The singles exchanges use various strategies that promise a successful matchmaking with the dream partner: Matching of user data for as many matches as possible, locating potential dating partners in the vicinity immediately or offering communication to a desired partner as soon as both participants have indicated to the system that they like the profile picture of the other. Some of these methods use “gamification”: It is made easy for the users to perceive and try out their possibilities as playfully as possible, which quickly makes the use of the system pleasant and easy.

A business plan for love

Can love be planned? The conditions for this can at least be influenced positively. Andrea has always been able to network as well as matchmaking: a couple that once came together with her support can now look back on 25 years of partnership and is still happy today. She practised this for a long time in the form of personality coaching. However, it cannot program. But she has a vision, and for that vision she needs the technology. Andrea is looking for a team to turn her idea into reality. With professional support, she sets herself up.

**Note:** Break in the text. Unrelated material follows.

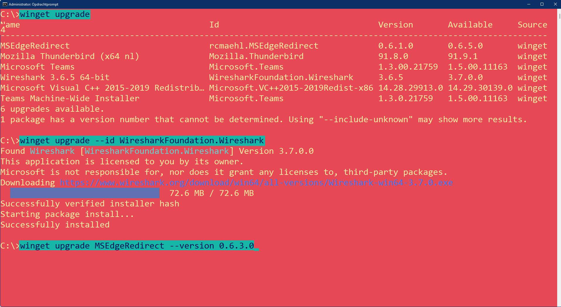Met winget list krijg je een overzicht van alle geïnstalleerde toepassingen, waarbij je eveneens in de kolom Available ziet of er een upgrade beschikbaar is.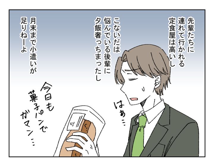 ユウノスケさんの職場は、先輩からのお昼の誘いが多いわりに、奢るという文化はあまりないのだそう。それなのにユウノスケさんは仕事に悩む後輩に「たまにだから」とカッコつけて奢ってしまうらしく、結局自分で自分の首を絞める結果に。お金の使い方がうまくないうえにビールとタバコはやめられない。そのうえアカネさんにしっかりと財布の紐まで握られていたら……菓子パンという選択肢しかありませんよね。ただ、お小遣いアップより、お金の使い方を相談したほうがいいと思うのは私だけでしょうか?

Although she uses technology for her vision, she doesn’t want to leave her in charge: she relies on fewer algorithms and more human decision-making ability. Storytelling is also used, because stories connect. Technology should serve people, not the other way around. It is a business, but for her it is a child of love. She calls it “Direct hit heart.”

 

How is love calculated?

 

Algorithms can compare lists. How does that help us? Today we know that many similarities between two people can be beneficial for a long-term relationship. At the same time, it is the differences that appear particularly interesting and attractive in the short term. Computers can synchronize databases with millions of profile entries with each other worldwide in seconds. But no software can reliably predict whether two specific people will fall in love with each other. Moreover, whether people are objectively similar says little about whether they also feel similar. People who are looking for a partner like to set up criteria that their dream partners* have to fulfil. They usually consider these requirements to be essential for a successful partnership. Often, however, these guidelines proved to be completely unimportant for a harmonious coexistence. Much more serious are variables that only become apparent in the long term: How to deal with each other, communicate and solve conflicts. How to laugh, live and love together. No software can predict this.

Heart in motion

Today. Andrea enters her office, turns on her laptop and sets up her long to-do list. She makes contact with her team: The programmer from Southern Germany, the one from Vietnam, the assistant from Hamburg. It again has a long list of points that need to be worked through to ensure that everything runs smoothly. It opens the platform. The logo with the heart is your logo. She’s not here to find a partner. She already has. She is here to give the customers of her portal the opportunity to meet real people and to get to know various other offers around the topic of love.

Both the protection against fraud and the authenticity of the participants are important to “the matchmaker”. For a long time a concept was worked on, which should exclude that people unknowingly talk to a software (“chatbot”) instead of to another person. A concept that also aims to prevent people from using false images in order to appear in a better light in the short term. Her solution: Customers communicate via video when they want to flirt.

Love in transition

The future. Unwritten. Many people fear that modern technology is moving us further and further apart. Others dream of using technology in a way that brings us closer together again. Both are always possible. Andrea does not only dream, she realizes and develops the possibilities of how we can find each other. She believes that values such as love, peace and freedom should determine the future. And together we can achieve this.